第13話 みんなこどもに
俺は見てはいけないと思いながらも、気づいたら首をその気配の方へとひねっていた。
すると、黒い髪をショートカットにした女の人が口をへの字にして、そこにいた。
おそらくわざとすけさせるタイプの服なのだろう。なかに着ている胸を隠している黒色の布が丸見えだ。それに黒色のスカートはすごく短い。かなりにぶい俺でもわかる大人っぽさかつ色っぽさだ。
えっ!?えっ!?えっ!?
俺の頭はゴチャゴチャし出す。
なんで、こんな格好した人が教室にいるの!?
なんで!?なんで!?
なんでその人が六大妖を名乗っているの!?
「聞いてるのか?誠陵。」
「あ、は、は、はい。」
「うーーん。兄貴とはあんまし似てないな。」
「あっ……!」
そういうと、その人は俺の顔に、これ以上ないほど、自分の顔を近づけ、まじまじと見てきた。俺はさらに動揺してどうしていいかわからない。
「おい!なに喋ってんだ誠りょ……おい!そこにいるのは誰だ?早く席につけ!」
座学中の先生は、クラスの誰かが歩き回っていると思ったらしい。かなり怒った口調で、そういう。俺の席は一番後ろだから、見まちがえるのも無理はない。
「ち、違うんです!先生!この人は!」
必死にこの非常事態を伝えようとするも、この人が本当に六大妖なのかもわからないので、俺はなんといっていいかわからず、とほうに暮れた。

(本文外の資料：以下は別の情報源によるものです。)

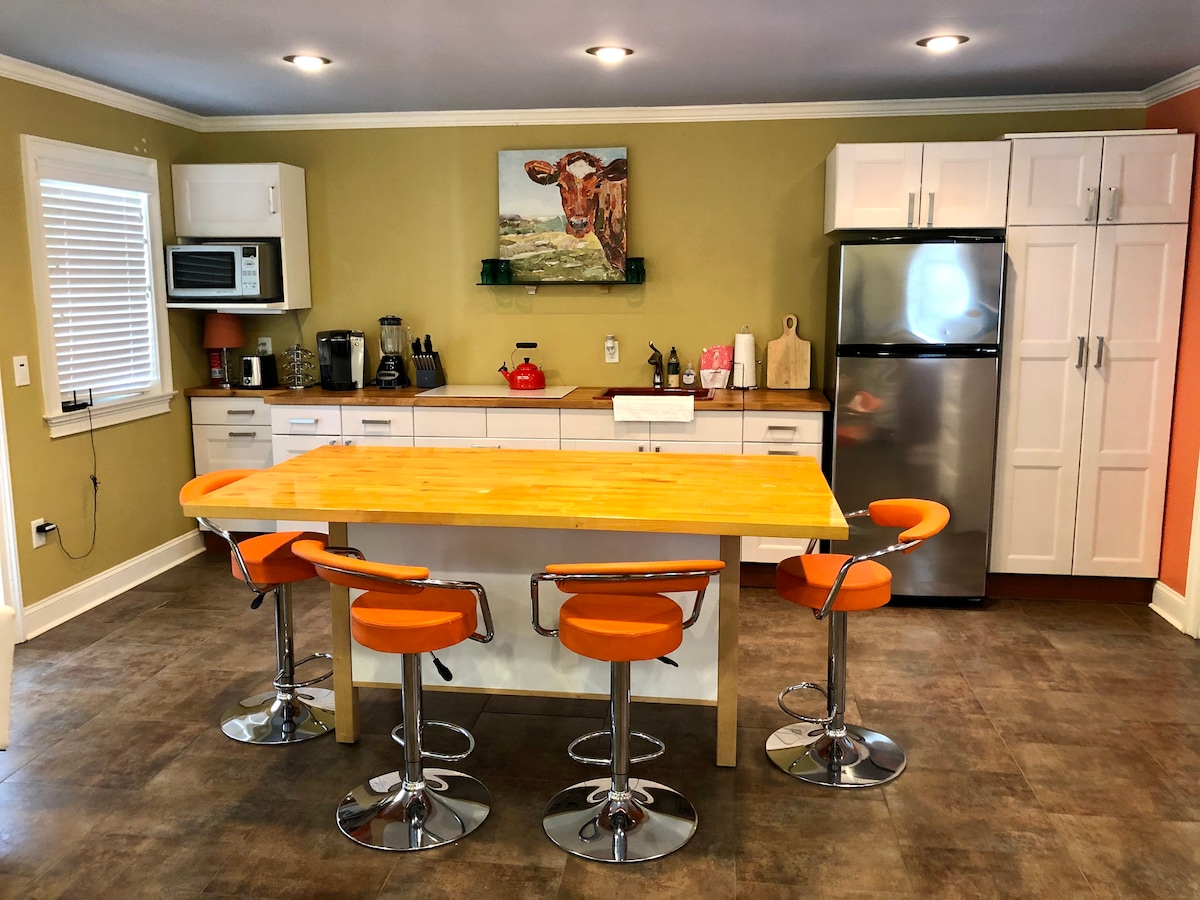 Detta charmiga gästhus med 2 sovrum har en dubbelsäng i varje sovrum, 1 badrum med ett antikt clawfoot badkar och en separat dusch. Vardagsrummet har en stor platt-TV och två små TV-apparater i sovrummen. I kokvrån finns kylskåp, handfat, kaffebryggare, mikrovågsugn, bestick och tallrikar i vintagestil. Det finns INGEN spis eller ugn. Men vi har en grill och picknickbord för matlagning utomhus. Gästhuset har en gemensam vägg med huvudhuset.

だが、その三十秒後、その心配はなかったことがわかる。
「うるさいな。禿げ爺。」
「な、なんだお前!」
先生がかみつくようにいうも、その子はそれをも圧倒するくらいに、睨みつける。
そして、急に、なにかをいった。
「
その途端、本当に、その途端だった。
「ママぁ!どこなのー!?」
「おれ、おなかすいた。」
「うぇーーーん。ママぁ!!」
教室中から、声が聞こえてきた。小さな子供のような声が。
「えっ!えっ!?」
俺は二度戸惑った。
一度目は、この謎の幼児のような声たちに。それと、二度目は
「声が、高い……?」
俺の声が明らかに高かったことにだ。
高いといっても、急にヘリウムのような声になったわけではない。むしろ、毎日のように聞いていた声だった。
声変わりをした、中二までは。
まさかと思い、周りを見わたしてみた。すると、一面、子供、子供、子供。
五〜六才ほどの子どもがちょうどこのクラスの人数ほどいたのだ。
「……は?」
俺はその高い声でいった。そして、自分の、のどぼとけを確認する。
━━ない。
たしかにあった、のどぼとけがなくなっているのだ。
俺は、その後はとりあえず、一目散に教室内の窓へとかけ寄り、自分の姿を確認した。
「あっ……!」
なんとそこには、約十年ほど前に鏡の中に写っていた顔があったのだ。